« Connaître sert beaucoup pour inventer. » (Mme de Staël)

Sources de Phèdre (Racine)

   Dans la Préface de Phèdre, si Racine nomme Sénèque au passage et fait une allusion à ses prédécesseurs français, c’est chez Euripide avant tout qu’il déclare avoir pris le sujet de sa pièce. Il a cependant profondément transforme l’original grec. Dans Hippolyte porte-couronne, comme le titre l’indique, c’est Hippolyte le personnage principal, et l’aspect religieux est essentiel : il y a comme un duel entre les deux déesses rivales, Aphrodite et Artémis, qui poussent les mortels, la première à aimer, la seconde à résister à l’amour ; on les voit toute deux sur la scène. Racine n’en gardera que la présence invisible de Vénus. C’est parce qu‘Hippolyte la dédaigne et pour se venger de lui qu’Aphrodite inspire à Phèdre un amour criminel, que la nourrice Œnone révèle au jeune homme. Phèdre se pend avant le retour de son époux. Mais un écrit trouvé dans les mains de la morte trompe Thésée, qui maudit son fils. Après la catastrophe, Hippolyte est rapporté sur scène, où, après une longue déploration, il meurt dans les bras de son père. En définitive, avec de nombreux traits du récit final, Racine ne doit guère au poète grec que deux scènes essentielles : celle où la nourrice arrache à   Phèdre l’aveu de son amour et celle où Thésée maudit son fils.  

   Moins avouée, l’influence de Sénèque équilibre au moins celle d’Euripide dans la tragédie de Racine. C’est à l’écrivain latin que Racine doit l’importance du personnage de Phèdre : elle déclare elle-même son amour à Hippolyte ; c’est sa mort et non celle d’Hippolyte qui, par un suicide sur la scène, marque le terme de l’action. Et de nombreux vers rappellent le texte de Sénèque, particulièrement dans le récit de Théramène.

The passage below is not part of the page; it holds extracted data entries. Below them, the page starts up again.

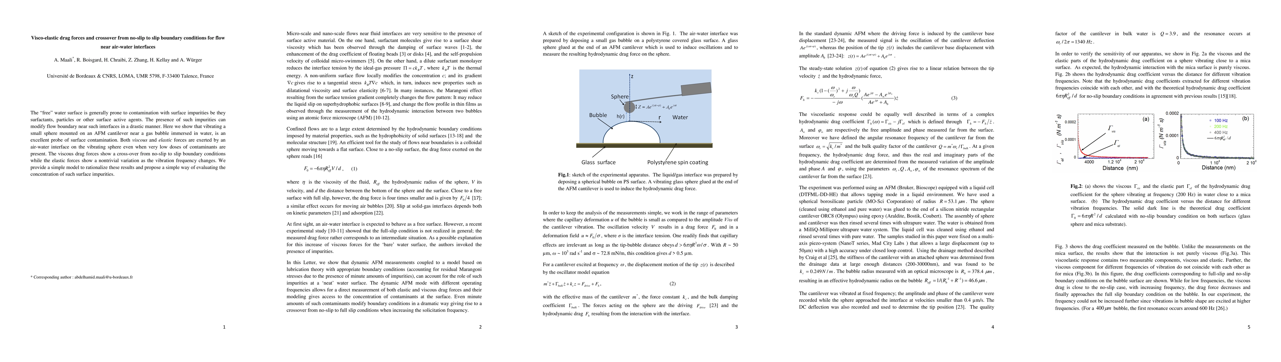 The paper presents a detailed analysis of visco-elastic drag forces near air-water interfaces, providing a model and calculations to understand the transition from no-slip to slip boundary conditions due to surface impurities.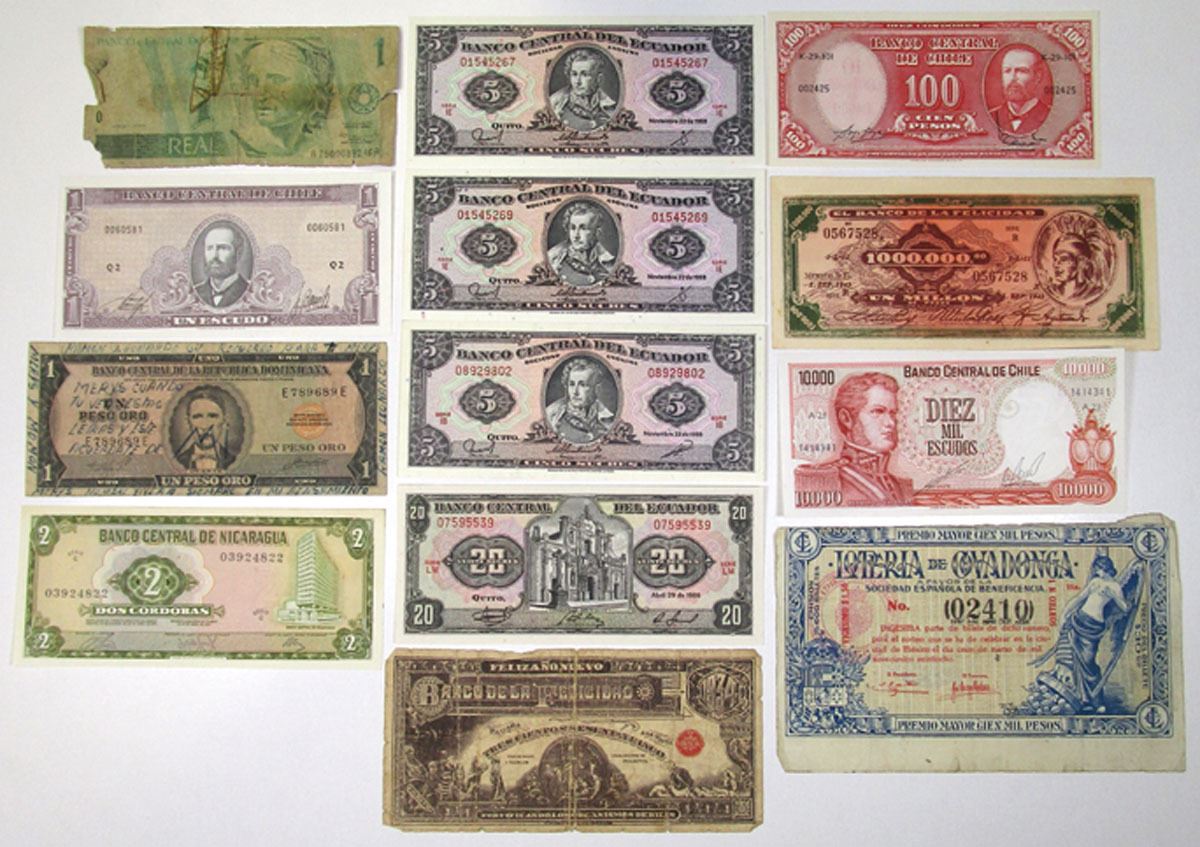 South America, 1920s to 1988. Lot of 13 Issued Banknotes from Chile, Ecuador, Mexico, Nicaragua, Dominican Republic, and Brazil. Mexico includes a large lottery ticket and a Feliz Ano Nuevo banknote, Notes range from VG to Uncirculated condition. (13). Sold "AS IS" no returns accepted.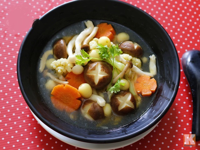 Canh nấm chay có vị ngọt tự nhiên từ rau củ, nấm, vị bùi bùi của hạt sen thơm ngon và bổ dưỡng.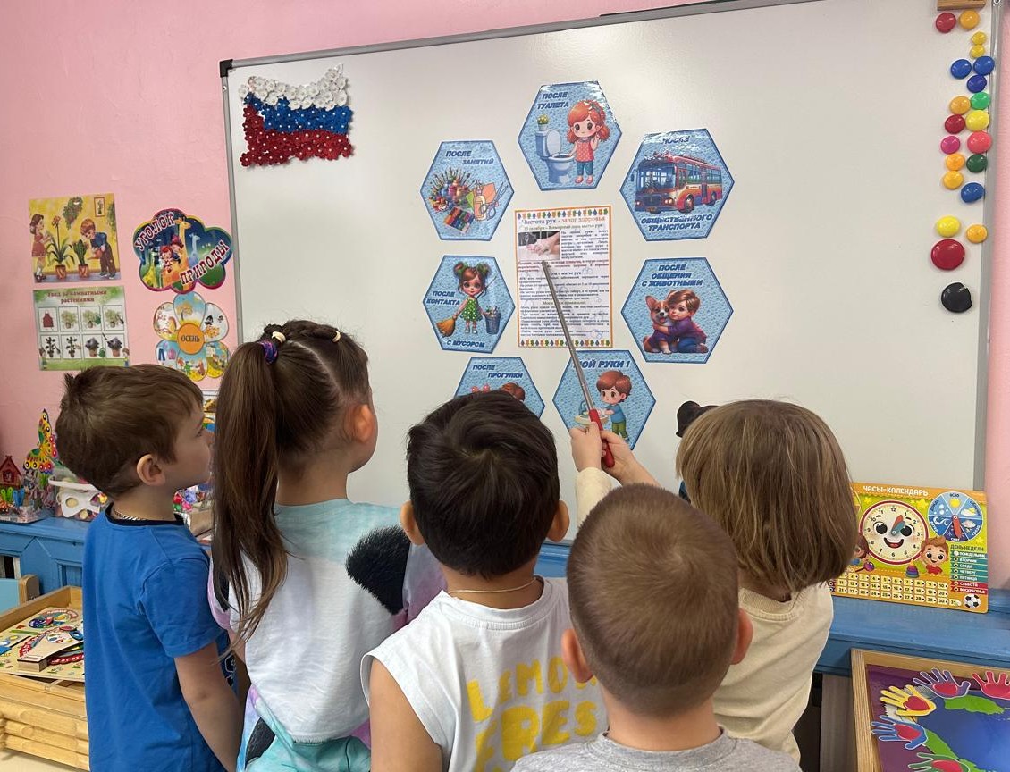 Ежегодно 15 октября проводится Международный День Чистых Рук .Цель проведения такого дня — пропагандировать необходимость частого и правильного мытья рук, поскольку тщательное мытье рук водой с мылом помогает бороться с большим количеством заболеваний. Для дошколят мытье рук — обязательная и неоднократная гигиеническая процедура, которой воспитатели учат детей с самого первого дня поступления в детский сад. В «День чистых руки- залог здоровья!», который был организован в разновозрастной группе детского сада, педагоги через художественное слово, беседу, игры-ситуации формировали осознанное отношение детей к выполнению правил личной гигиены «Что такое микробы и как они могут навредить человеку?», «Почему руки должны быть чистыми?», «Для чего нужно мыть руки?».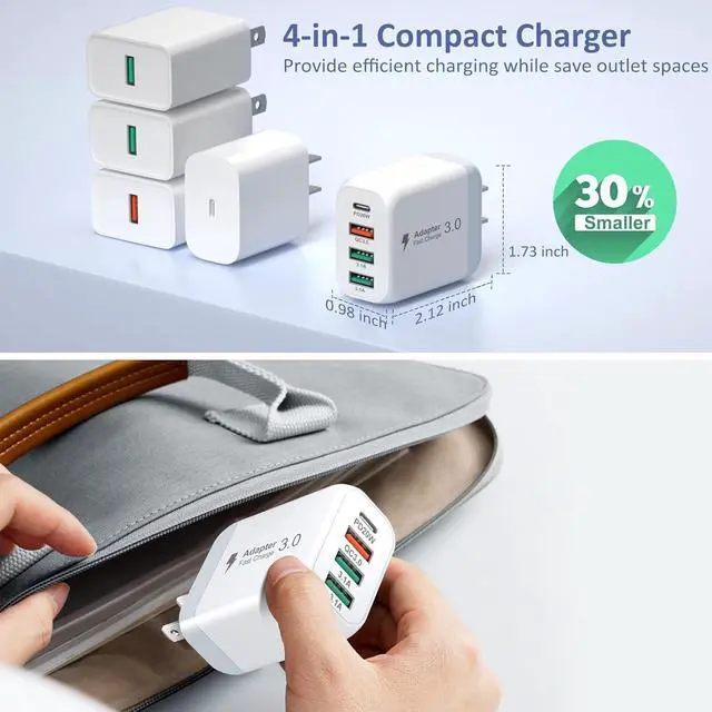 [Fast Charging Brick] Total 40W USB C power adapter with 3 USB A and USB C ports it enable you to use both the older style USB and the newest style USB-C cords to fast charge almost all your electronic devices. It is perfect for needing to plug in multiple devices while you have limited outlet space. [Multiport USB A and USB C Wall Charger] The charging block is equipped with PD 3.0 and Quick 3.0 fast charging technology single USB-C port can provide max 20W power delivery while the QC USB-A 3.0 port can provide max 18W power.

   La dette de Racine envers l’Hippolyte de Garnier (1573) et celui de La Pinelière (1635) semble ne revanche à peu près nulle, ces deux tragédies s’inspirant elles-mêmes beaucoup de Sénèque : La Pinelière commence cependant à moderniser le personnage d’Hippolyte. En 1647, dans une nouvelle pièce, sacrifiant aux convenances, comme plus tard Pradon, Gilbert ne faut plus de Phèdre que la fiancée de Thésée et rend même Hippolyte amoureux d’elle, ce qui dénature tout à fait le sujet. Chez Bidar, en 1675, c’est d’une autre jeune fille, Cyane, qu’Hippolyte est amoureux, d’où peut-être chez Racine l’idée du personnage d’Aricie. Enfin, deux autres pièces ont pu orienter Racine vers la légende de Phèdre : le Bellérophon de Quinault (1671), dont la situation et les caractères rappellent de façon précise ceux de Phèdre, et l’Ariane de Thomas Corneille, toute dominée par l’idée des fatalités de l’amour, dans laquelle Phèdre, égarée, dévorée de remords, trahit sa sœur et avoue sa passion à son beau-frère.

   Pour l’essentiel, cependant, c’est bien aux sources antiques que Racine a directement puisé. Outre Euripide et Sénèque, jusque dans le détail, les réminiscences d’autres auteurs sont fréquentes : d‘Ovide, Racine connaissait l’épître de Phèdre à Hippolyte dans le Héroïdes ; pour la peinture de la passion, plusieurs traits viennent d’une traduction de Sapho, faite par Boileau, et des Magiciennes, de Théocrite ; mais le grand poète dont Racine est tout imprégné reste Virgile : l’amour de Phèdre doit beaucoup à celui de Didon, et le monstre final, aux serpents de Laocoon.   

   Il va sans dire, bien sûr, que, tant pour la conduite de l’action la peinture des caractères que pour l’atmosphère poétique et la beauté des vers, l’examen de ces sources ne sert qu’à faire ressortir l’originalité et l’unité de l’univers tragique créé par Racine.